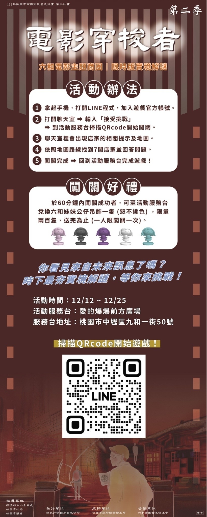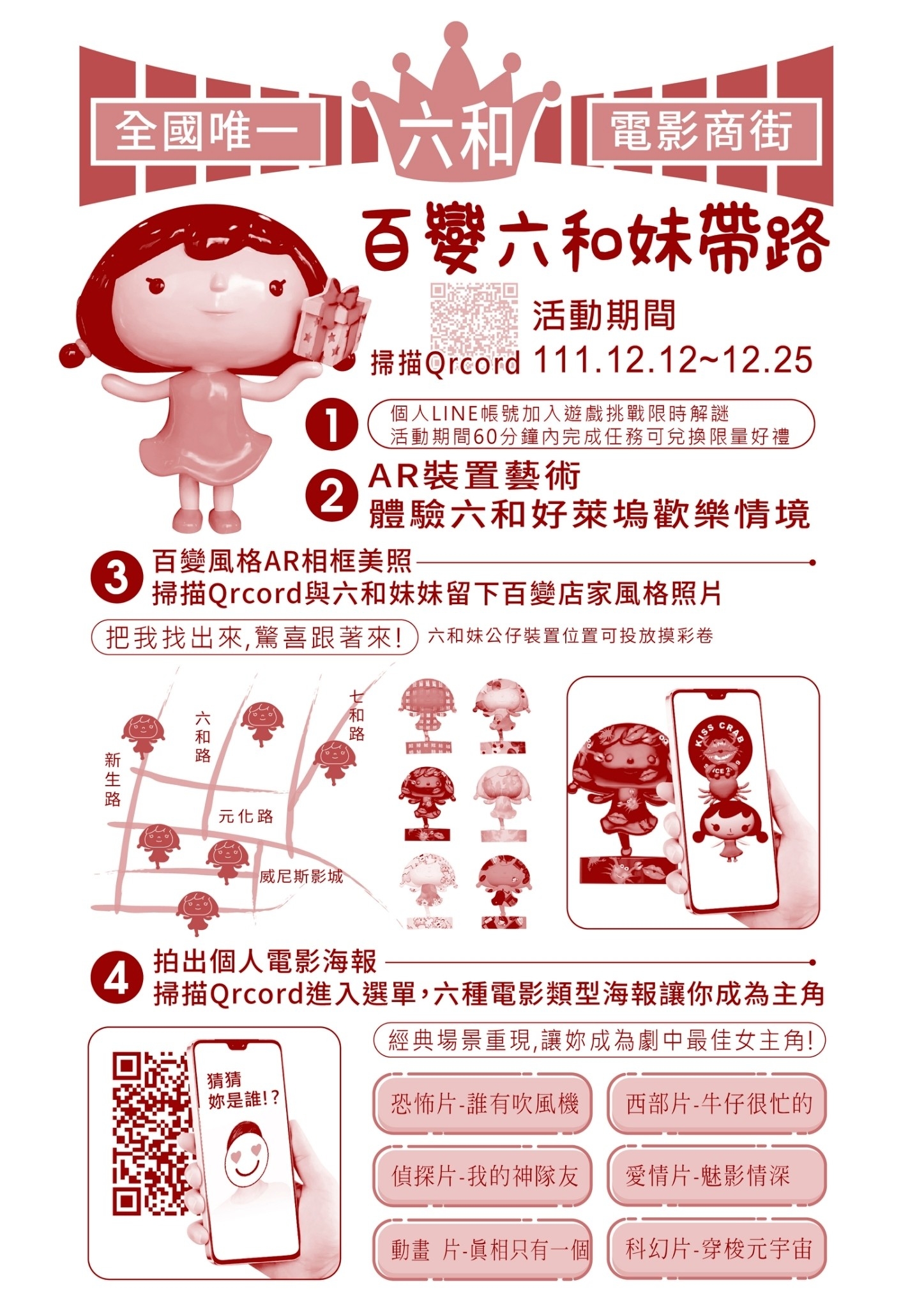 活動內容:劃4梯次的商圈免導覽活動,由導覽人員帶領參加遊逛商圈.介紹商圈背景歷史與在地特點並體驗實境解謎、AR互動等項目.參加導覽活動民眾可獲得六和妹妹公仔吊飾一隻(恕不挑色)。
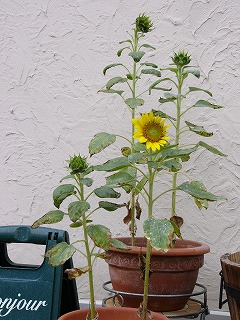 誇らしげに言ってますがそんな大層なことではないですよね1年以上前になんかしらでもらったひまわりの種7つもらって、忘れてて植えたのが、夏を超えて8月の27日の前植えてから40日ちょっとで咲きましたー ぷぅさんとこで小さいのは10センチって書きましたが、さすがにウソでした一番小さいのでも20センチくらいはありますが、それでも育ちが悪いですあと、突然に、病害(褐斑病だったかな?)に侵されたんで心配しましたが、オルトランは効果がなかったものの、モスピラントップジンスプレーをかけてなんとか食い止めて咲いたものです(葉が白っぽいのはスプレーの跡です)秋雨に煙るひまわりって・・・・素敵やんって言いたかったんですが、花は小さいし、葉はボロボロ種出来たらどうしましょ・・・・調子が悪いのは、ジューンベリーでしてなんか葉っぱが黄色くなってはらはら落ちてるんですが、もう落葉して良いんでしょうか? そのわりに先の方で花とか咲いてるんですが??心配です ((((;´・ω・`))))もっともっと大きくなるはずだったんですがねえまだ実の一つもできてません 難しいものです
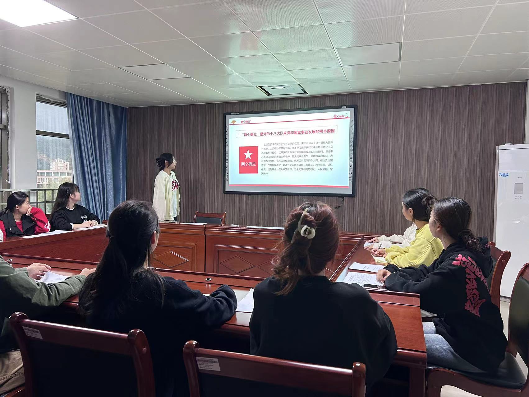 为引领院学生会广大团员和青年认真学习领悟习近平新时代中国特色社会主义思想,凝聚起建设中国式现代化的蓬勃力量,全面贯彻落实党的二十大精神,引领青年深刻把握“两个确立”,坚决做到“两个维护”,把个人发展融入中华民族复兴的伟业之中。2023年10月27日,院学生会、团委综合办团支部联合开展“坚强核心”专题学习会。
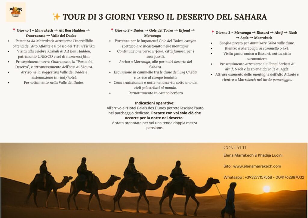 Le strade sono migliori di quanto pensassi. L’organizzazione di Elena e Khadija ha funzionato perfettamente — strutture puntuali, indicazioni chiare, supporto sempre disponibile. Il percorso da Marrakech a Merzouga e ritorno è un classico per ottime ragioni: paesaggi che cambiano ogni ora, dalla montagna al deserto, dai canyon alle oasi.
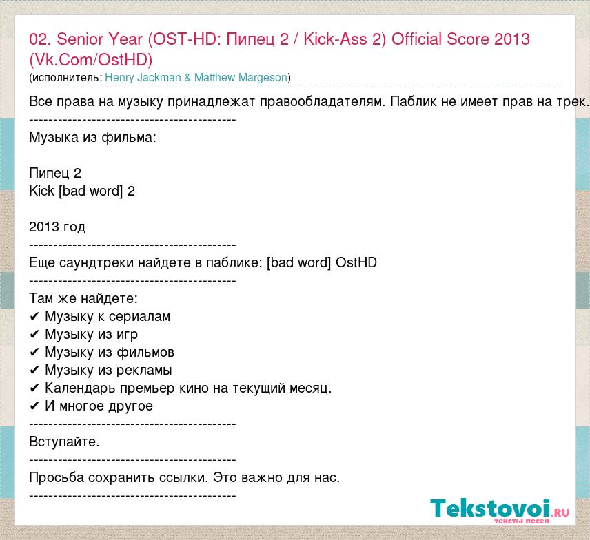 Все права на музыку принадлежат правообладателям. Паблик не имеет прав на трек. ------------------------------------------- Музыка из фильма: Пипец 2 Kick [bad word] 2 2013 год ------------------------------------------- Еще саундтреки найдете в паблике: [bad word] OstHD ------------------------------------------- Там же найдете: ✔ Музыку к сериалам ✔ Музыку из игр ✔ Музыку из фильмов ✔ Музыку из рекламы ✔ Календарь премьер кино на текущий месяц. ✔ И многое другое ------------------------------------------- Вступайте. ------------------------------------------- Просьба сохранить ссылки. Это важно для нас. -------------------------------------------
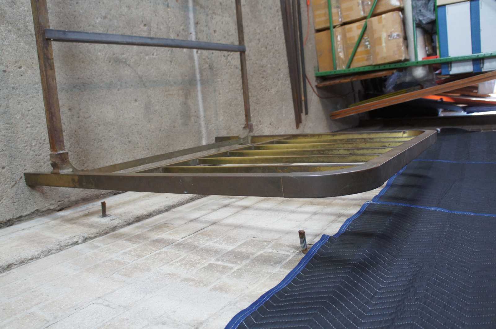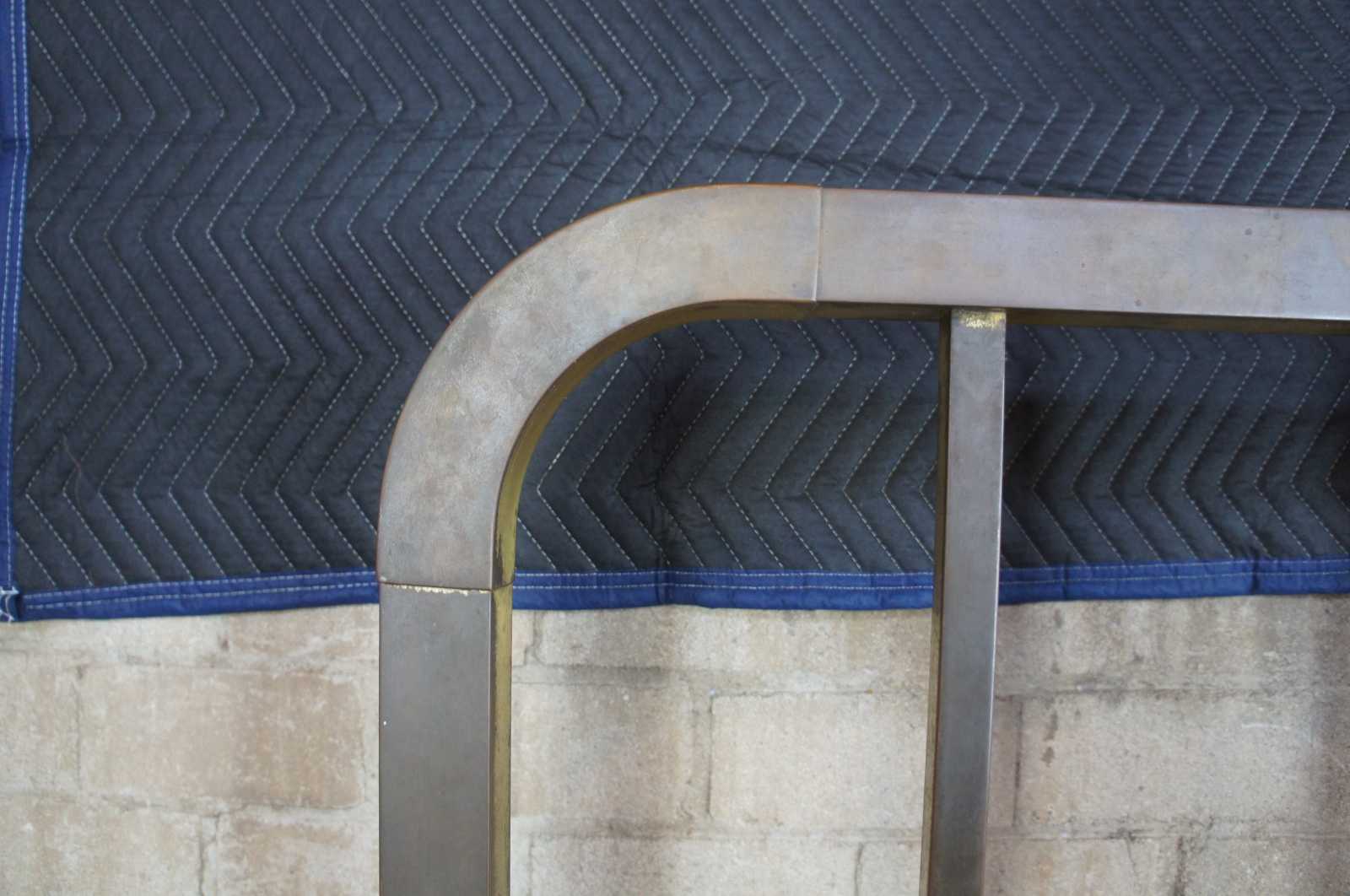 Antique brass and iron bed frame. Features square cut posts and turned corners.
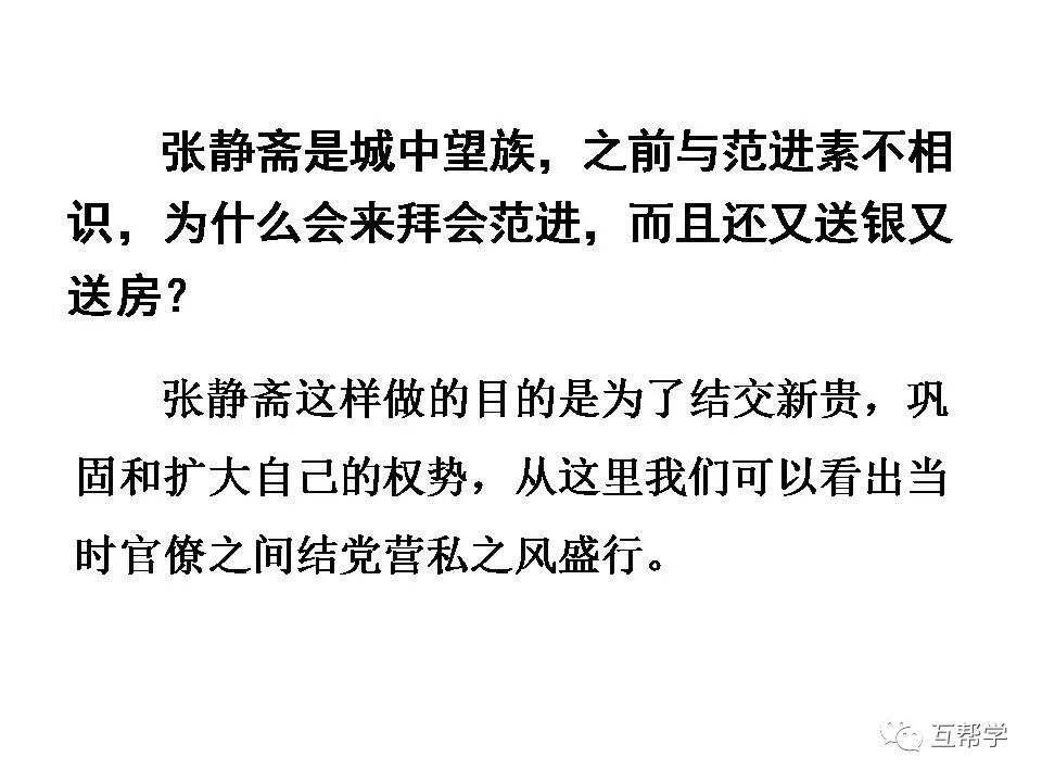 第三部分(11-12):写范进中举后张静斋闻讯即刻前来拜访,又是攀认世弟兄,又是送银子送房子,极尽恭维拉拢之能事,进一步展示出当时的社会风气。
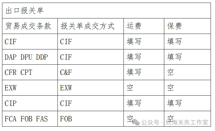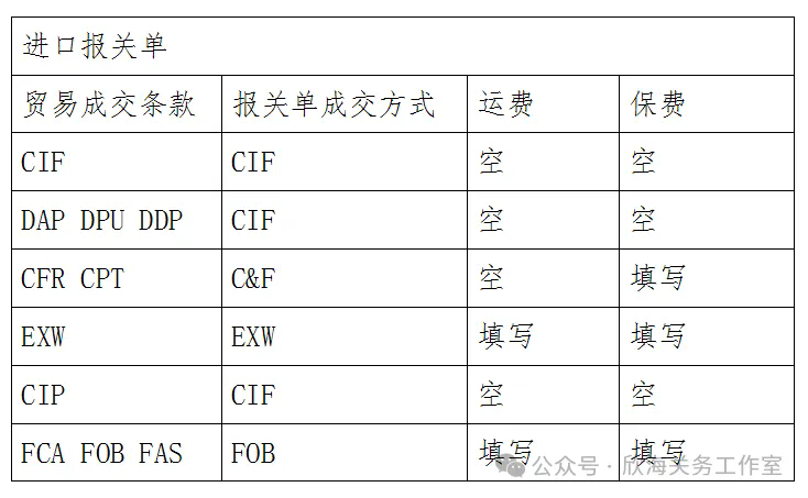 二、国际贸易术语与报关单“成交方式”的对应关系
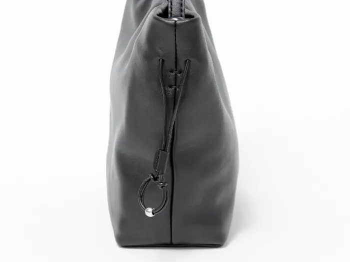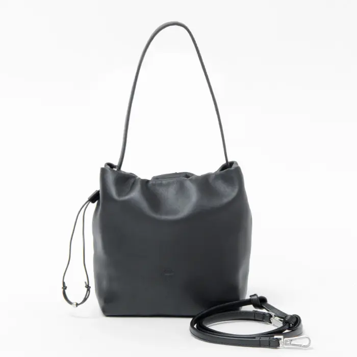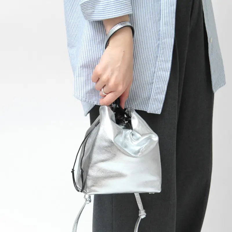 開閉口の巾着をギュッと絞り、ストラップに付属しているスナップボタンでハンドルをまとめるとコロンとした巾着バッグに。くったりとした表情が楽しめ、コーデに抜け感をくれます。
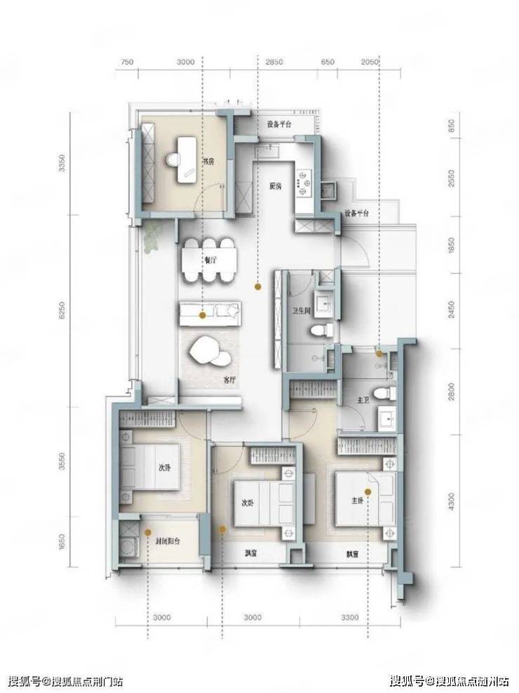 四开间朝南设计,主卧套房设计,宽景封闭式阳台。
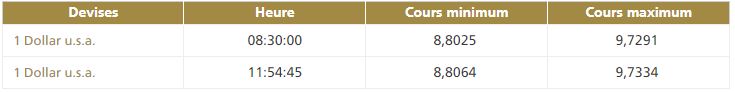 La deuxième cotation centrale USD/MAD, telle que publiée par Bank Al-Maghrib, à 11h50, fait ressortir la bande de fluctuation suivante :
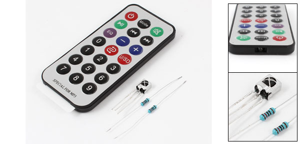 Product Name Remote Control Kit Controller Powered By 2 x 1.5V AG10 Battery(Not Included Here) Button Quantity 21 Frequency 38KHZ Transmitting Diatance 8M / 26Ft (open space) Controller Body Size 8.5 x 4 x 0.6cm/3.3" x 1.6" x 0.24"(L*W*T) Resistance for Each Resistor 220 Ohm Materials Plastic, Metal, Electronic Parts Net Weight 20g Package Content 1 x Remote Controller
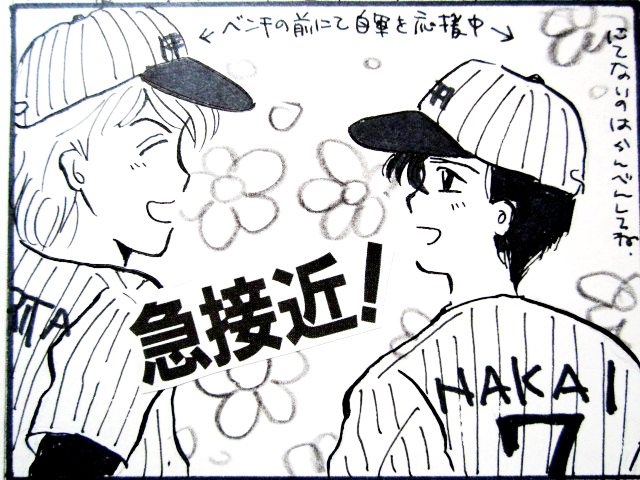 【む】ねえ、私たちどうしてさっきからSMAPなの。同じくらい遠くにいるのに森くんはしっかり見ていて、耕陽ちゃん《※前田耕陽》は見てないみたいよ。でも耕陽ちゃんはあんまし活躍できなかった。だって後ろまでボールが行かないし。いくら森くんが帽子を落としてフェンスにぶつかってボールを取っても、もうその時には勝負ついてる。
====
## Problem to solve
Reproduce the full listing verbatim so that only the pictures are missing.

## Result for this task
 活動內容:劃4梯次的商圈免導覽活動,由導覽人員帶領參加遊逛商圈.介紹商圈背景歷史與在地特點並體驗實境解謎、AR互動等項目.參加導覽活動民眾可獲得六和妹妹公仔吊飾一隻(恕不挑色)。
 誇らしげに言ってますがそんな大層なことではないですよね1年以上前になんかしらでもらったひまわりの種7つもらって、忘れてて植えたのが、夏を超えて8月の27日の前植えてから40日ちょっとで咲きましたー ぷぅさんとこで小さいのは10センチって書きましたが、さすがにウソでした一番小さいのでも20センチくらいはありますが、それでも育ちが悪いですあと、突然に、病害(褐斑病だったかな?)に侵されたんで心配しましたが、オルトランは効果がなかったものの、モスピラントップジンスプレーをかけてなんとか食い止めて咲いたものです(葉が白っぽいのはスプレーの跡です)秋雨に煙るひまわりって・・・・素敵やんって言いたかったんですが、花は小さいし、葉はボロボロ種出来たらどうしましょ・・・・調子が悪いのは、ジューンベリーでしてなんか葉っぱが黄色くなってはらはら落ちてるんですが、もう落葉して良いんでしょうか? そのわりに先の方で花とか咲いてるんですが??心配です ((((;´・ω・`))))もっともっと大きくなるはずだったんですがねえまだ実の一つもできてません 難しいものです
 为引领院学生会广大团员和青年认真学习领悟习近平新时代中国特色社会主义思想,凝聚起建设中国式现代化的蓬勃力量,全面贯彻落实党的二十大精神,引领青年深刻把握“两个确立”,坚决做到“两个维护”,把个人发展融入中华民族复兴的伟业之中。2023年10月27日,院学生会、团委综合办团支部联合开展“坚强核心”专题学习会。
 Le strade sono migliori di quanto pensassi. L’organizzazione di Elena e Khadija ha funzionato perfettamente — strutture puntuali, indicazioni chiare, supporto sempre disponibile. Il percorso da Marrakech a Merzouga e ritorno è un classico per ottime ragioni: paesaggi che cambiano ogni ora, dalla montagna al deserto, dai canyon alle oasi.
 Все права на музыку принадлежат правообладателям. Паблик не имеет прав на трек. ------------------------------------------- Музыка из фильма: Пипец 2 Kick [bad word] 2 2013 год ------------------------------------------- Еще саундтреки найдете в паблике: [bad word] OstHD ------------------------------------------- Там же найдете: ✔ Музыку к сериалам ✔ Музыку из игр ✔ Музыку из фильмов ✔ Музыку из рекламы ✔ Календарь премьер кино на текущий месяц. ✔ И многое другое ------------------------------------------- Вступайте. ------------------------------------------- Просьба сохранить ссылки. Это важно для нас. -------------------------------------------
 Antique brass and iron bed frame. Features square cut posts and turned corners.
 第三部分(11-12):写范进中举后张静斋闻讯即刻前来拜访,又是攀认世弟兄,又是送银子送房子,极尽恭维拉拢之能事,进一步展示出当时的社会风气。
 二、国际贸易术语与报关单“成交方式”的对应关系
 開閉口の巾着をギュッと絞り、ストラップに付属しているスナップボタンでハンドルをまとめるとコロンとした巾着バッグに。くったりとした表情が楽しめ、コーデに抜け感をくれます。
 四开间朝南设计,主卧套房设计,宽景封闭式阳台。
 La deuxième cotation centrale USD/MAD, telle que publiée par Bank Al-Maghrib, à 11h50, fait ressortir la bande de fluctuation suivante :
 Product Name Remote Control Kit Controller Powered By 2 x 1.5V AG10 Battery(Not Included Here) Button Quantity 21 Frequency 38KHZ Transmitting Diatance 8M / 26Ft (open space) Controller Body Size 8.5 x 4 x 0.6cm/3.3" x 1.6" x 0.24"(L*W*T) Resistance for Each Resistor 220 Ohm Materials Plastic, Metal, Electronic Parts Net Weight 20g Package Content 1 x Remote Controller
 【む】ねえ、私たちどうしてさっきからSMAPなの。同じくらい遠くにいるのに森くんはしっかり見ていて、耕陽ちゃん《※前田耕陽》は見てないみたいよ。でも耕陽ちゃんはあんまし活躍できなかった。だって後ろまでボールが行かないし。いくら森くんが帽子を落としてフェンスにぶつかってボールを取っても、もうその時には勝負ついてる。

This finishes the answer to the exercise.